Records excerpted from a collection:
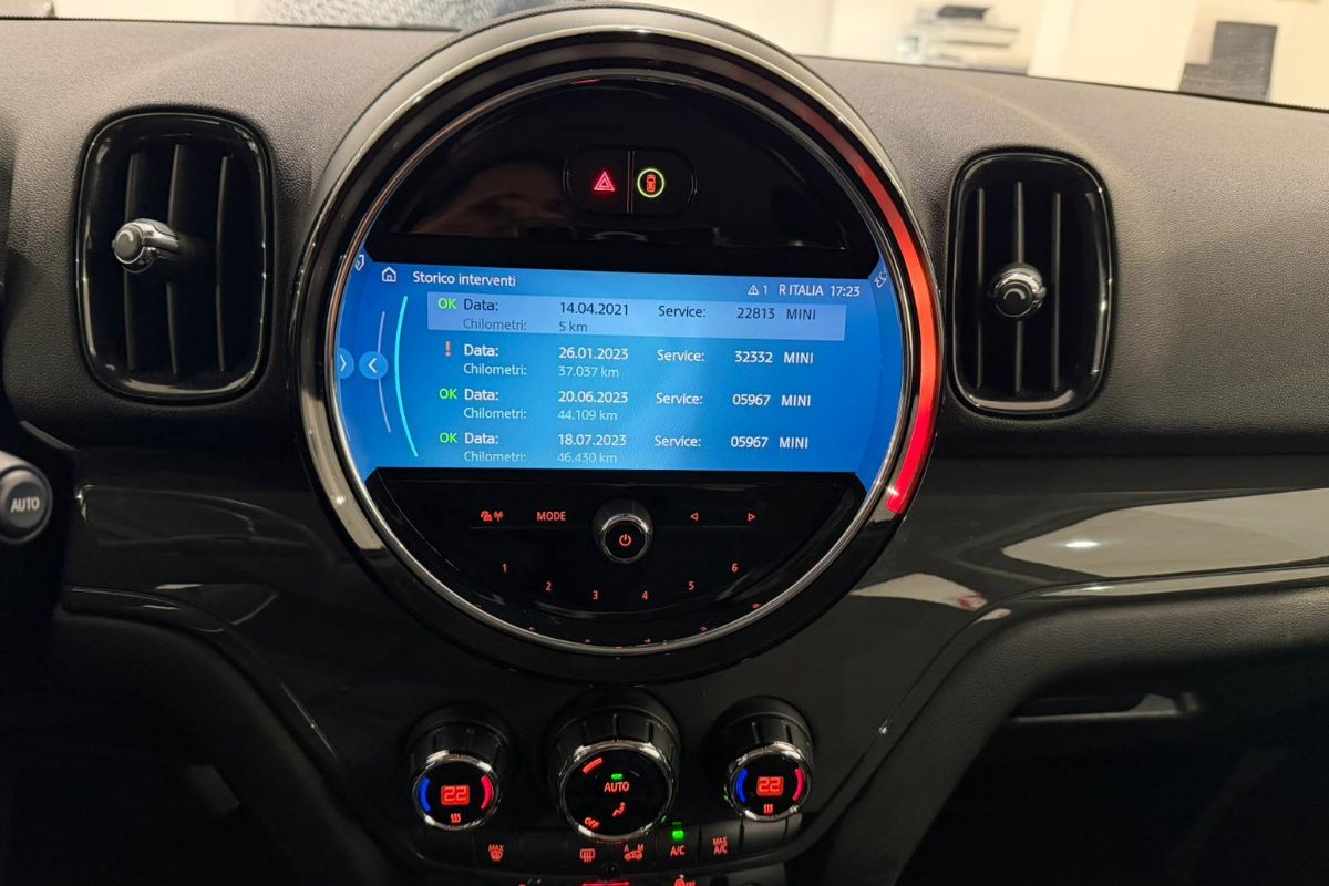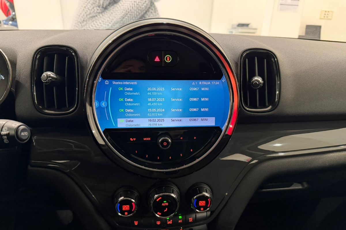 Dotazione: Cambio Automatico Steptronic, fari LED con fendinebbia LED & High Beam Assist, cerchi in lega '16 radio DAB '8.8 con bluetooth & comandi al volante con MINI Connected Navigation, usb & aux, TFT digitale '5.5 a colori, telecamera posteriore con linee guida & sensori di parcheggio posteriori, LED ring, climatizzatore automatico, keyless go, sensore pioggia, bracciolo anteriore, sedili posteriori scorrevoli, frazionati 40/20/40 con appoggiatesta & attacchi isofix, immobilizer, barre longitudinali, chiusura centralizzata, cruise control, driving assistant con Forward Collision Warning & protezione attiva pedoni, Trafic Sign Limit, specchietto interno elettrocromico, specchietti regolabili & riscaldabili elettricamente, servosterzo, abs, esp, airbag.
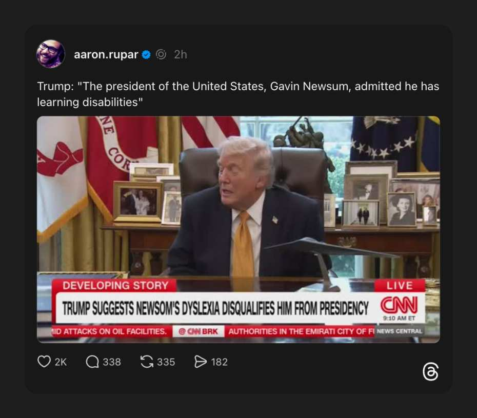 Perhaps the Orange Menace is showing us his grandest fear, a Gavin Newsom presidency. Perhaps he is just addled and can’t remember up from down. Here, the mumbling, often falling over his own words, and unable to get an idea out, sundowner makes fun of someone for admitting a learning disability.
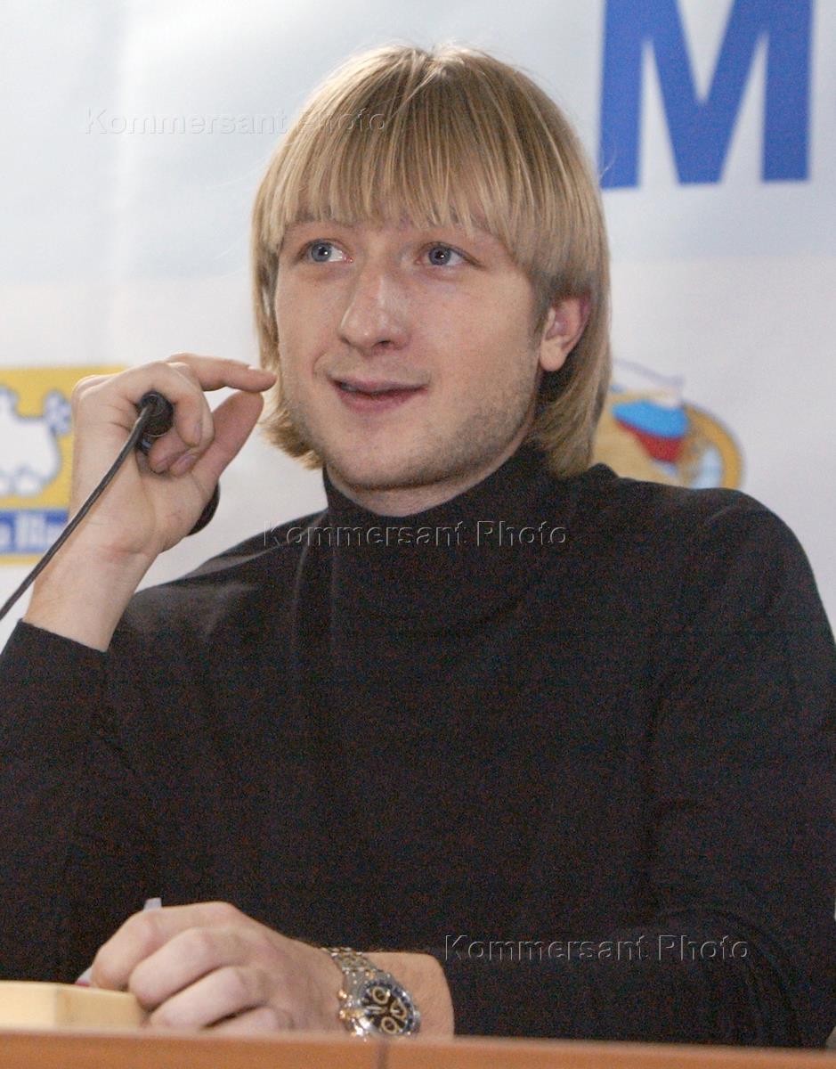 Российский фигурист Евгений Плющенко на пресс-конференции по проведению Международного турнира по фигурному катанию "Гран-При" - Кубок России, который состоится на Малой спортивной арене "Лужников". Пресс-конференция прошла в пресс-центре стадиона "Лужники".
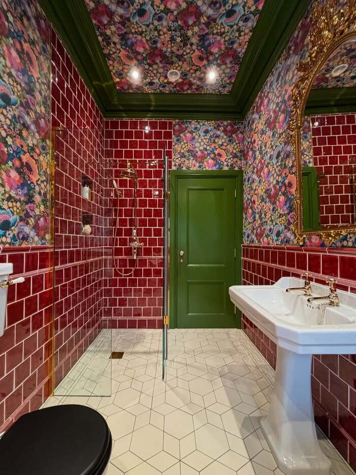 The glossy merlot subway and floral ceiling are fearless, then the white geometric floor brings air back into the room. That hex weaves without being busy. When you chase bold color, keep the tile floor ideas for master baths on the ground lighter so feet feel grounded. A soft beige grout will hide dust better than bright white.
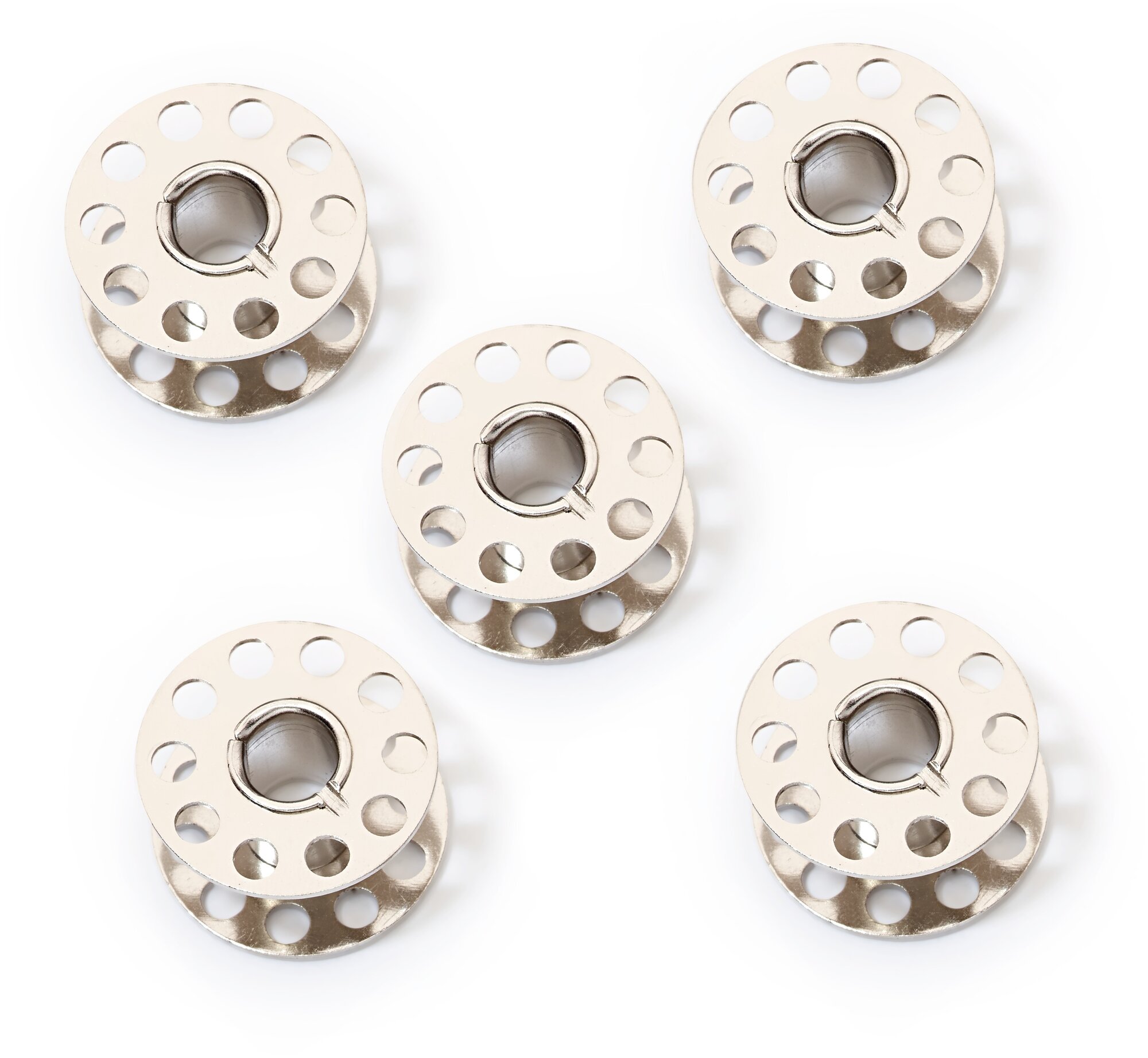 Набор шпулек из металла предназначен для бытовых швейных машин. Подходят для СВ-челнока с центральной шпулькой, который наиболее распространен. Металлические шпульки долговечны, выдерживают все стандартные нагрузки и не требуют особых условий хранения. Отверстия в шпульке позволяют быстро увидеть цвет нити и определить, сколько осталось в запасе.
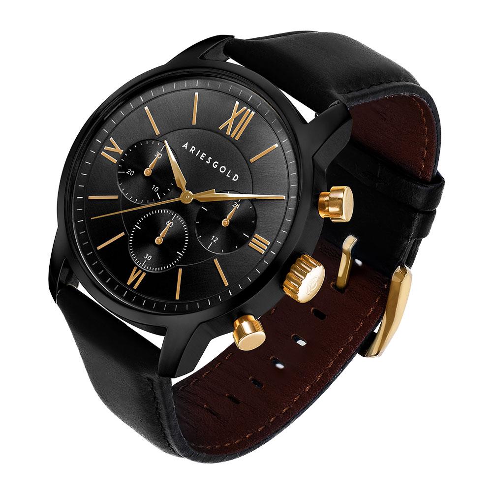 ARIES GOLD URBAN ETERNAL BLACK STAINLESS STEEL G 1027 BKG-BKG BLACK LEATHER STRAP MEN'S WATCH
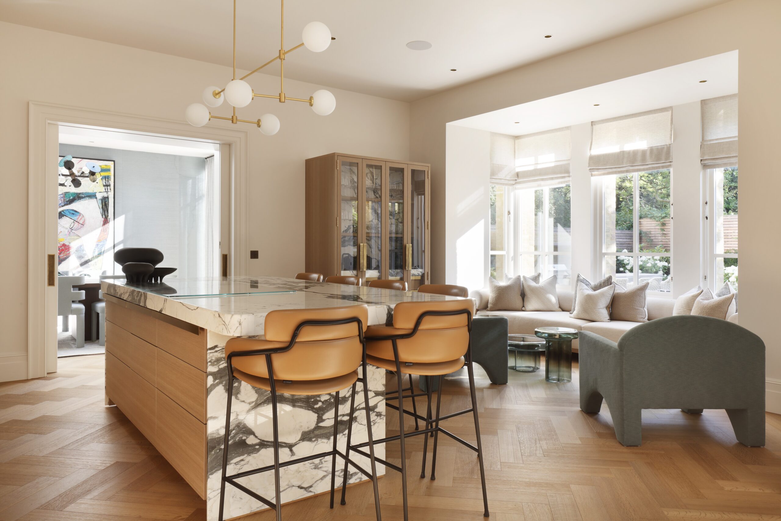 The article titled, ‘The Emerald and Jade Tones In This London Home Make Us Green With Envy’, delves into how the colour green connects each room in this house. Entering into this London kitchen, you are greeted by an impressive Calacatta marble island with matching countertops and backsplashes. The marble is paired with grand oak cabinetry and brass detailing to create an elegant space, perfectly in tune with the client’s tastes.
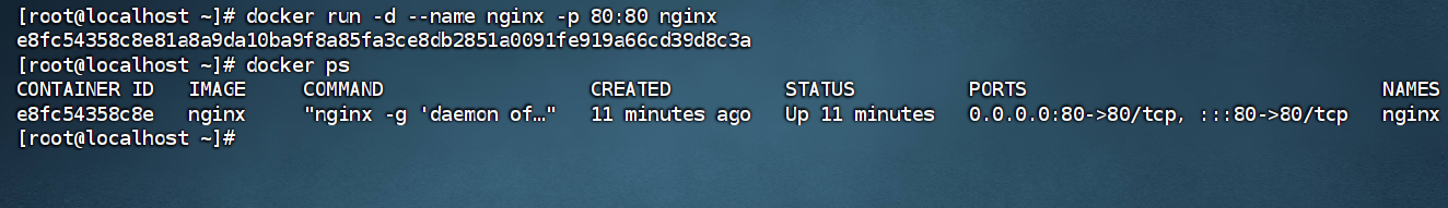 docker run -d -p 80:80 --name nginx -v html:/usr/share/nginx/html nginx
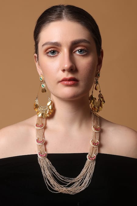 Adjustable dori for customizable fitting, Layered design with multiple strands, Incorporates Kundan and natural stones
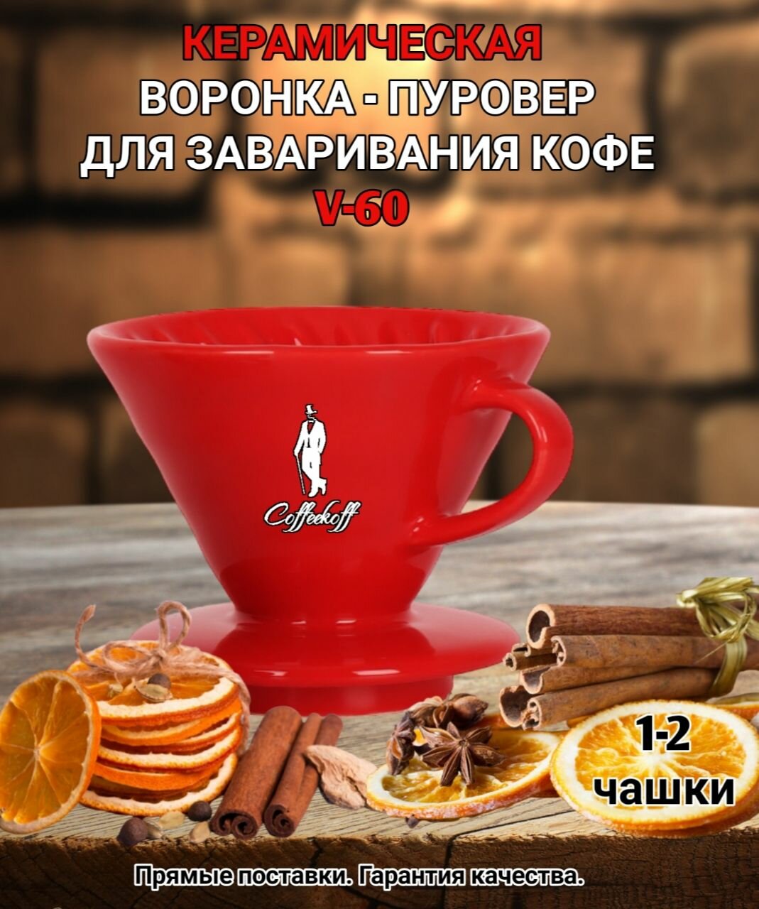 Воронка керамическая для приготовления кофе "CoffeeKoff" VDC-01 красный, пуровер интересное:

- **EXERCISE GOAL**: Drop the pictures and set down the data above exactly.

- **ANSWER TO THIS EXERCISE**:
 Dotazione: Cambio Automatico Steptronic, fari LED con fendinebbia LED & High Beam Assist, cerchi in lega '16 radio DAB '8.8 con bluetooth & comandi al volante con MINI Connected Navigation, usb & aux, TFT digitale '5.5 a colori, telecamera posteriore con linee guida & sensori di parcheggio posteriori, LED ring, climatizzatore automatico, keyless go, sensore pioggia, bracciolo anteriore, sedili posteriori scorrevoli, frazionati 40/20/40 con appoggiatesta & attacchi isofix, immobilizer, barre longitudinali, chiusura centralizzata, cruise control, driving assistant con Forward Collision Warning & protezione attiva pedoni, Trafic Sign Limit, specchietto interno elettrocromico, specchietti regolabili & riscaldabili elettricamente, servosterzo, abs, esp, airbag.
 Perhaps the Orange Menace is showing us his grandest fear, a Gavin Newsom presidency. Perhaps he is just addled and can’t remember up from down. Here, the mumbling, often falling over his own words, and unable to get an idea out, sundowner makes fun of someone for admitting a learning disability.
 Российский фигурист Евгений Плющенко на пресс-конференции по проведению Международного турнира по фигурному катанию "Гран-При" - Кубок России, который состоится на Малой спортивной арене "Лужников". Пресс-конференция прошла в пресс-центре стадиона "Лужники".
 The glossy merlot subway and floral ceiling are fearless, then the white geometric floor brings air back into the room. That hex weaves without being busy. When you chase bold color, keep the tile floor ideas for master baths on the ground lighter so feet feel grounded. A soft beige grout will hide dust better than bright white.
 Набор шпулек из металла предназначен для бытовых швейных машин. Подходят для СВ-челнока с центральной шпулькой, который наиболее распространен. Металлические шпульки долговечны, выдерживают все стандартные нагрузки и не требуют особых условий хранения. Отверстия в шпульке позволяют быстро увидеть цвет нити и определить, сколько осталось в запасе.
 ARIES GOLD URBAN ETERNAL BLACK STAINLESS STEEL G 1027 BKG-BKG BLACK LEATHER STRAP MEN'S WATCH
 The article titled, ‘The Emerald and Jade Tones In This London Home Make Us Green With Envy’, delves into how the colour green connects each room in this house. Entering into this London kitchen, you are greeted by an impressive Calacatta marble island with matching countertops and backsplashes. The marble is paired with grand oak cabinetry and brass detailing to create an elegant space, perfectly in tune with the client’s tastes.
 docker run -d -p 80:80 --name nginx -v html:/usr/share/nginx/html nginx
 Adjustable dori for customizable fitting, Layered design with multiple strands, Incorporates Kundan and natural stones
 Воронка керамическая для приготовления кофе "CoffeeKoff" VDC-01 красный, пуровер интересное:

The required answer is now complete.